Well, the reviews were ecstatic and the advance tracking – surveys of audience interest – was enormously positive. Speaking to The Irish Times, Denis Villleneuve, the film's director, tried to remain modest as he argued that, with good notices, the film would surely succeed at the tills. "I am not saying that Rotten Tomatoes is perfect," he said of the review aggregate site. "But the idea that the power of film critics is coming back is good." At time of writing, Blade Runner 2049 is at 89 percent on that site. Oil those tills, baby.

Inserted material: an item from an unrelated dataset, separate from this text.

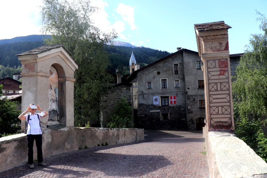 Davanti a noi il Ponte di Combo che è uno straordinario esempio di architettura storica locale, offre uno scorcio sulla Valfurva, con un panorama molto suggestivo. A metà
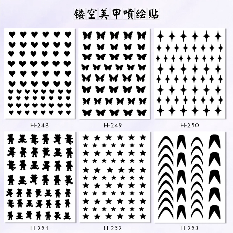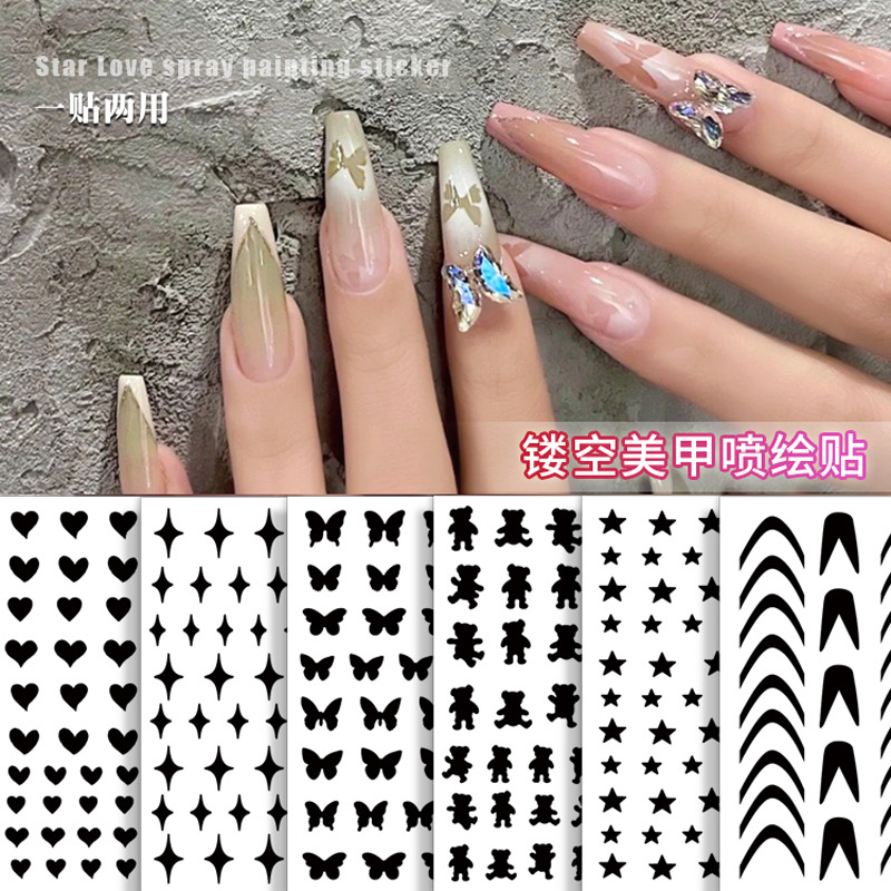 | nameOriginal | Japanese-style nail art spray-painted stickers Internet-famous new hollow love butterfly bear stars French template nail decals |

The film's relative failure in the US on its opening weekend is probably the biggest surprise for box office analysts in the last 12 months. (Not many would have bet their shirts on recent failures such as The Mummy or Guy Ritchie's King Arthur Legend of the Sword.) The film was expected to take between $45 and $50 million. It looks as if it will end up with around $31 million. Given that Blade Runner 2049 cost a massive $150 million, this is very grim news for Alcon Entertainment, Warners and Sony.

The corporate partners were counting on a smash. So was almost everybody else. This is the box office equivalent of Trump’s win or Corbyn’s resurgence. Truly, nobody knows anything.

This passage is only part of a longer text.